When faced with allegations of mis-selling, a key line of defence for the banks is that they do not offer “financial advice”. The paperwork and presentations which were used alongside the interest rate swap agreement usually highlight this. Notwithstanding
such “disclaimers”, the approach adopted by many bank employees was entirely at odds with such disclaimers. In many cases the interest rate swap agreements were “sold”, frequently with some pressure and without a full explanation of the true consequences of
entering into the agreements.
Very often there was no explanation of what would happen if interest rates fell (rather than rise), and critically there was no explanation of the exit fee. Even if there was an explanation, this was often based upon an exit fee which bore no relation to
the likely fee the customer might face.
Although therefore the banks should have been advising customers to take independent advice, clients often did not consider this was necessary.
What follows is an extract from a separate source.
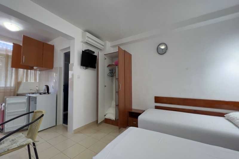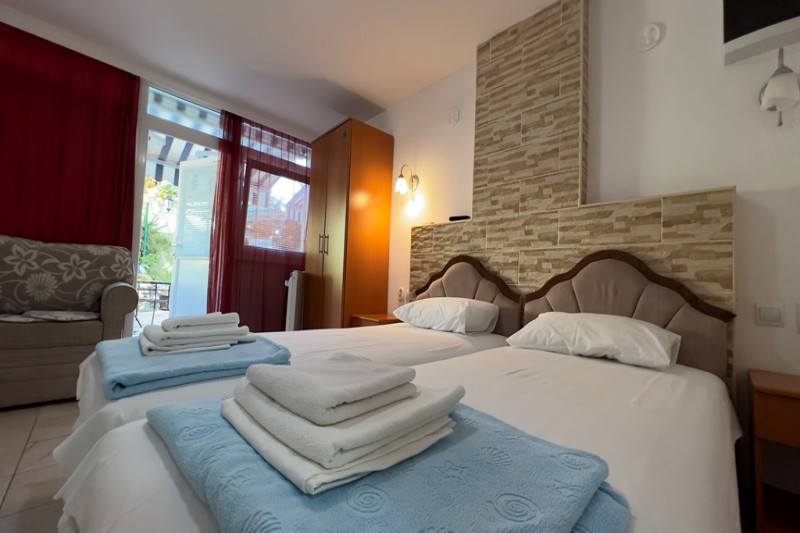 • Двухкомнатная квартира 55 м² - кухня со столовой, две спальни, ванная комната, две террасы.

They felt they could rely on the advice given by their bank, who they felt sure would offer them the most suitable
product. Even when customers did try to obtain independent advice, it was not clear who they should take such advice from. There were very few independent financial advisors who had the requisite expertise to advise. Furthermore, the cost of taking advise
was often prohibitive. In other cases, even if customers tried to take advice, they found the banks obstructive in providing the relevant information to enable their own advisors to take a view.
It will be very interesting to see how the Courts approach this issue when dealing with the cases that are now due to come before the Courts on mis-selling. Will the Courts accept the banks’ claims that there was no “selling” or advice given? How will they
be able to demonstrate to the Court that they clearly satisfied one of the founding principles of the FSA to “treat the customer fairly”, which would include ensuring that the customer understood the product and being satisfied that it was appropriate for
For further information as to how you can ensure that your complaint is dealt with by the bank as a priority, please contact Alison Loveday on 0161 833 9211 or by email to
For more information on this issue, visit the Interest Rate Swap
The information and opinions contained in this article are not intended to be comprehensive or to provide legal advice. No responsibility for this article’s accuracy or correctness is assumed by Berg or any of its partners or employees.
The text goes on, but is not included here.